I've had a bit of a light bulb moment about keeping the road home smooth. First, both kids showed real personal growth today and I'm immensely proud of them! And it made me sad that I couldn't share this with H because we don't have that openness anymore. It finally dawned on me that I can offer to share and that will allow him the opportunity to come to the table and show his effort too.
So I sent a text: Girls made me super proud today. I'd like to share with you if you have time to talk some time. lmk.
He replied: ok. I got your email (post about 5 LL earlier). I've been incredibly busy this week but I'll make some time this weekend to reply to it.

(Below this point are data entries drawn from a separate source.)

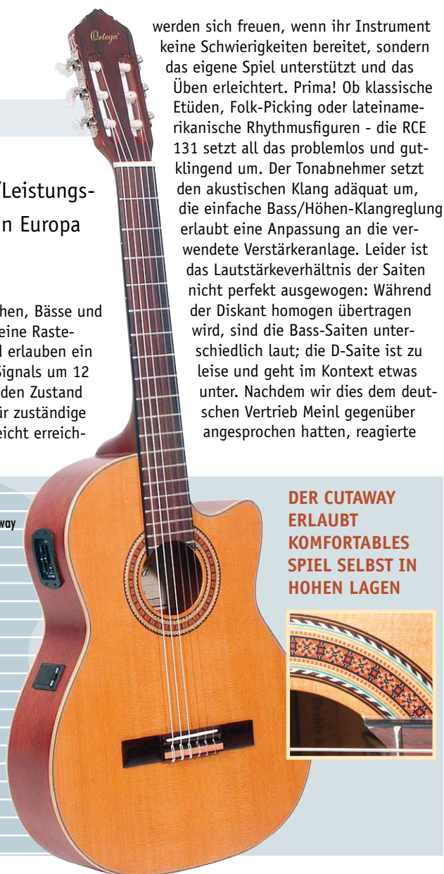
DER CUTAWAY ERLAUBT KOMFORTABLES SPIEL SELBST IN HOHEN LAGEN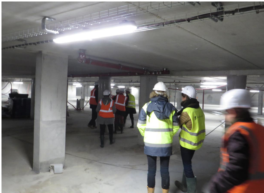
Des canalisations d'évacuation des eaux du 1 niveau , montage singulier. Ne devait pas être dans les plans.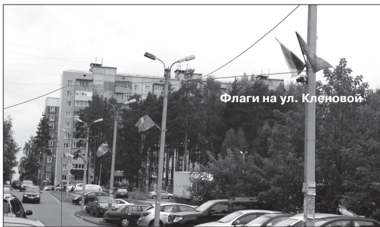
Флаги на ул. Кленовой

- Городские службы и совет депутатов МО Сертолово ведут активную работу с обращениями жителей Сертолово, и в этом направлении сделано многое. Например, по заявке жителей ул. Кленовая спилены три сухих дерева, а осенью на их месте будут высажены новые. За д. 6 по ул. Ларина были убраны щебень и песок, в ближайшем будущем будет удален цемент с пешеходной дорожки, а территория будет благоустроена. Ведется работа по заявкам сертоловчан относительно ремонта асфальтобетонного покрытия, устройства тротуаров, декоративных

So whether he does it or not, whether he calls about girls or not, I feel very good about reaching out and offering to share. We'll see him a bit this weekend at station visit and briefly on Sunday, so there will be opportunities to talk.
I've had a bit of a barrier in my head about rebuilding trust and openness and I realized yesterday when H offered to check on house/cats while we're gone, that I have to create opportunities for earning trust in order to rebuild. Before it felt like laying a booby trap, but something flipped in my brain and I don't feel that way today. Maybe because my motivations have changed. I'm not looking or affording chances expecting him to fail. I'll continue to give the chances and his results have no personal effect on me because I feel good about what I'm doing.
Feel like I've just wrestled something in my head and WON!